§ Your assignment
I'd like every entry returned exactly as it is, with the images left out.

..........

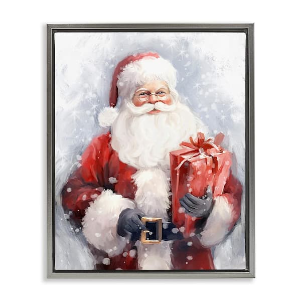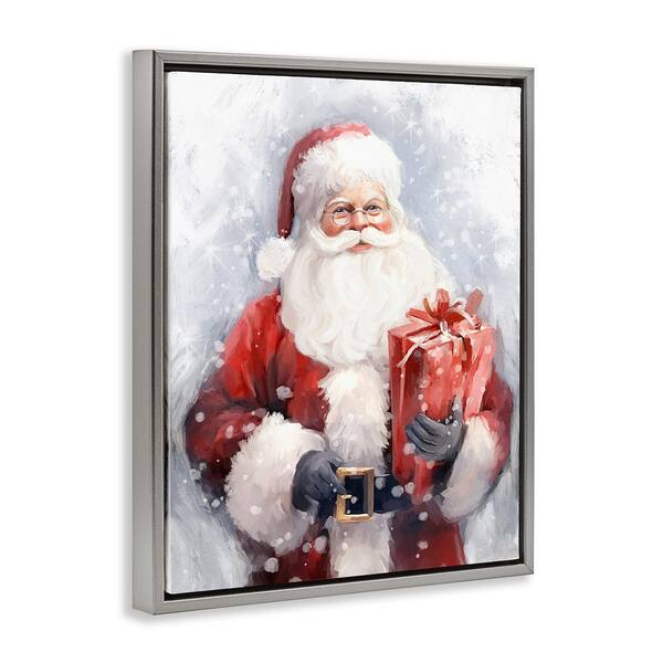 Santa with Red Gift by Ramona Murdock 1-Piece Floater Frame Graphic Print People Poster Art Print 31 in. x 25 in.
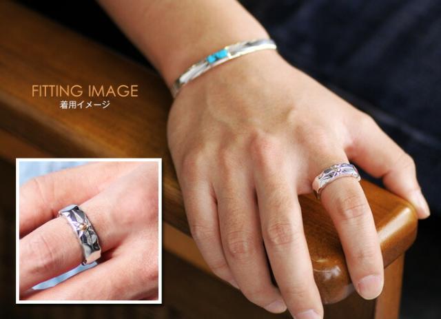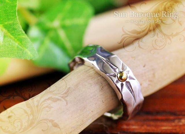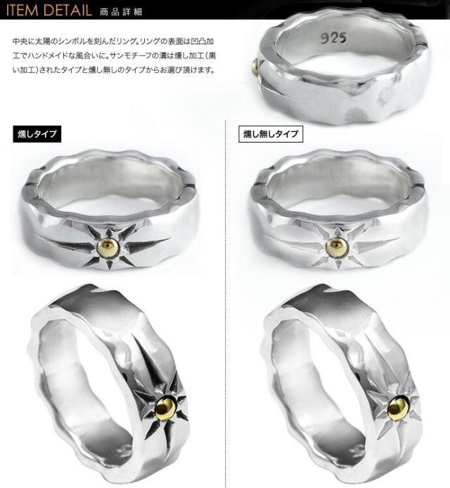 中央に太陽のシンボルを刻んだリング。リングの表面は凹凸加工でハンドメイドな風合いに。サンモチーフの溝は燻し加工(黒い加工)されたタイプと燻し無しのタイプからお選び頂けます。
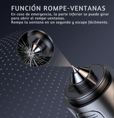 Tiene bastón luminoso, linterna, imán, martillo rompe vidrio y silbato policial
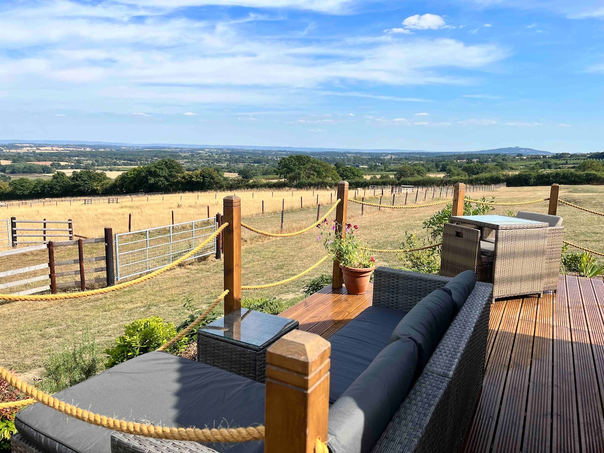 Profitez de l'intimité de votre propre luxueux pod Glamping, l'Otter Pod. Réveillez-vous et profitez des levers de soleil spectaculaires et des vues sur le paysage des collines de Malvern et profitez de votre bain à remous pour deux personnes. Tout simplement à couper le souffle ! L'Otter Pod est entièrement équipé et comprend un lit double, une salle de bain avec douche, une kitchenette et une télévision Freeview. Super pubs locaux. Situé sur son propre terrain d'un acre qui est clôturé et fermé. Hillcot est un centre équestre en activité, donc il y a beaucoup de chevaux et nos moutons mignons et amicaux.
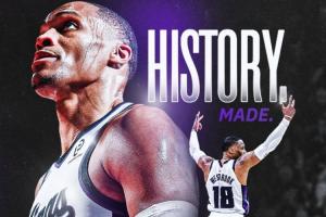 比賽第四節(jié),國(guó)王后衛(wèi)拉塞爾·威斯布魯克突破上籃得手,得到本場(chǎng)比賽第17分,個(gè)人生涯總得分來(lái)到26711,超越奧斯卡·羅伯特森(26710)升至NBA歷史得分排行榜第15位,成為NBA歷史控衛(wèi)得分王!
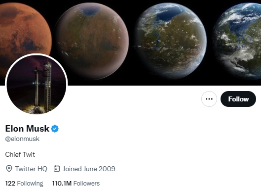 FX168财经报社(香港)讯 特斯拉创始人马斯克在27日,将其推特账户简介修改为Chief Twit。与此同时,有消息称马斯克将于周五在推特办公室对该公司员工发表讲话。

..........

§ Result of this exercise
 Santa with Red Gift by Ramona Murdock 1-Piece Floater Frame Graphic Print People Poster Art Print 31 in. x 25 in.
 中央に太陽のシンボルを刻んだリング。リングの表面は凹凸加工でハンドメイドな風合いに。サンモチーフの溝は燻し加工(黒い加工)されたタイプと燻し無しのタイプからお選び頂けます。
 Tiene bastón luminoso, linterna, imán, martillo rompe vidrio y silbato policial
 Profitez de l'intimité de votre propre luxueux pod Glamping, l'Otter Pod. Réveillez-vous et profitez des levers de soleil spectaculaires et des vues sur le paysage des collines de Malvern et profitez de votre bain à remous pour deux personnes. Tout simplement à couper le souffle ! L'Otter Pod est entièrement équipé et comprend un lit double, une salle de bain avec douche, une kitchenette et une télévision Freeview. Super pubs locaux. Situé sur son propre terrain d'un acre qui est clôturé et fermé. Hillcot est un centre équestre en activité, donc il y a beaucoup de chevaux et nos moutons mignons et amicaux.
 比賽第四節(jié),國(guó)王后衛(wèi)拉塞爾·威斯布魯克突破上籃得手,得到本場(chǎng)比賽第17分,個(gè)人生涯總得分來(lái)到26711,超越奧斯卡·羅伯特森(26710)升至NBA歷史得分排行榜第15位,成為NBA歷史控衛(wèi)得分王!
 FX168财经报社(香港)讯 特斯拉创始人马斯克在27日,将其推特账户简介修改为Chief Twit。与此同时,有消息称马斯克将于周五在推特办公室对该公司员工发表讲话。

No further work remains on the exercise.